6 things everyone should know about ovulation
1) What is ovulation?
Each month, one of your ovaries releases a mature egg, which then goes into one of your fallopian tubes. If fertilized, the egg moves to the uterus and settles into the lining that becomes thick.
The egg only survives for about 12 to 24 hours. If it is not fertilized, you reject this uterine lining (that is, you have your periods). This process that usually takes place once in each menstrual cycle is called ovulation.
2) Ovulation pain: Is it normal?
Ovulation pain, or “mittelschmerz”, is a mid-cycle pain that is felt on the side and occurs around the time of ovulation. It is quite common, can be mild or strong pain that can last from a few minutes to twenty-four hours. It is usually mild and can be effectively relieved with over-the-counter pain medications, but some women experience a higher degree of pain that may require evaluation by a doctor.

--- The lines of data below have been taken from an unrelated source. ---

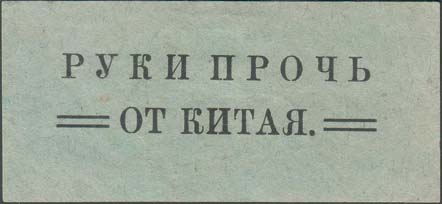 1930 1930(?) г. Разм. 75 х 35 мм. Одноцветная печать на тонкой серо-зеленой бумаге. В центре текст в две строки: «Руки прочь от Китая».
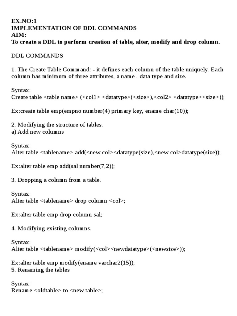 To create a DDL to perform creation of table, alter, modify and drop column.
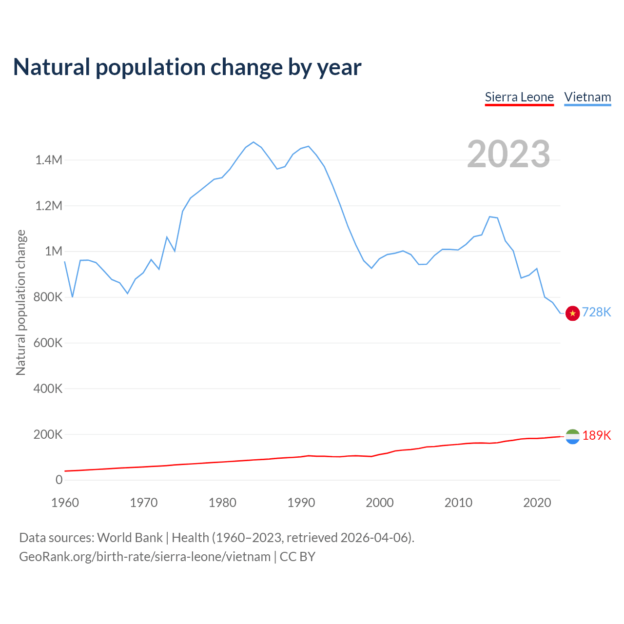 According to the latest available data on birth rates, the fertility rate in Sierra Leone was 3.79 children per woman in 2023, compared to 1.91 in Vietnam in 2023. The replacement level is considered to be 2.1 children per woman.
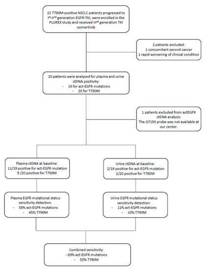 Lung cancer is the most frequent cause of cancer-related death worldwide [1]. The majority of the lung cancer diagnoses (85%) are non-small cell lung cancer (NSCLC), which comprises lung adenocarcinoma (about 60%) and lung squamous cell carcinoma (30%). In the NSCLC scenario, about 10–15% of Caucasian cases present somatic sensitizing mutations in the epidermal growth factor receptor (EGFR), for which three generations of tyrosine kinase inhibitors (TKIs) have been developed able to significantly improve patients’ survival outcomes [2]. Despite the undeniable efficacy, within 10–12 months of first- or second-generation TKI treatment, acquired resistance is achieved due to resistant mutations, that are inevitably established [3,4]. The most frequent molecular cause of resistance to first- or second-generation of EGFR TKIs is the appearance of the p.T790M and its identification is crucial to continue a target treatment with the third-generation TKI osimertinib [5,6].
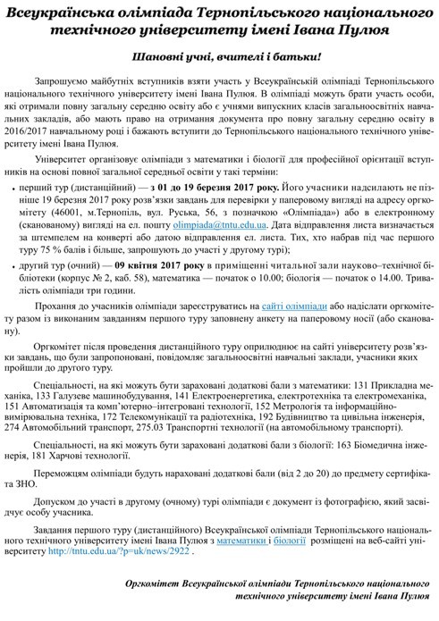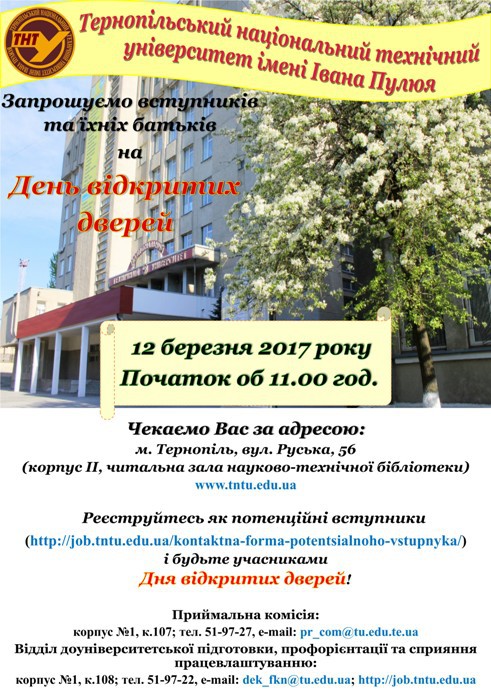 Тернопільський національний технічний університет імені Івана Пулюя запрошує:
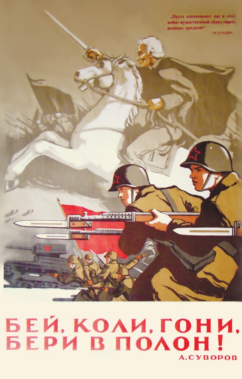 Но когда пришла беда и началась Великая Отечественная война, руководство страны обращается именно к христианским ценностям, к православному духовному наследию. Гонения на Церковь приостанавливаются, начинают популяризироваться образы героев прошлого: святых благоверных князей Александра Невского и Димитрия Донского, праведного адмирала Феодора Ушакова, генералиссимуса Александра Суворова и других подвижников, чей пример самоотверженного служения и любви к Отечеству действительно вдохновлял и продолжает вдохновлять людей,

There is no definitive answer as to the reason for the pain. Some think it is due to the enlargement of the egg before release, while for others the discomfort is related to the regular bleeding a woman experiences in her ovum during ovulation.
3) Your body does not create new eggs each month
You emit an egg each month. But these eggs are not created monthly, you are born with them. Over the years, the number of eggs in the ovaries decreases. A little girl has about 2 million eggs at birth. By the time she reaches puberty, this number is about 500,000. As ages move, the genetic stability of the eggs decreases. This is why women over 35 are more likely to:
- a miscarriage
- have a child with a genetic disorder
Some cancer treatments can cause permanent infertility in women because eggs are not renewed. If cancer treatments kill eggs in your ovaries, you will not be able to produce new eggs.
4) Your overall health affects ovulation and the first months of your future baby before conception
Although eggs are not renewed each month, they mature, ready for ovulation several weeks before they are released. Before and during this maturation period, your health habits can make a difference in the health of these eggs. In other words, your pre-conception health habits can affect your ability to get pregnant, to keep that pregnancy, and to ensure the health of your future baby.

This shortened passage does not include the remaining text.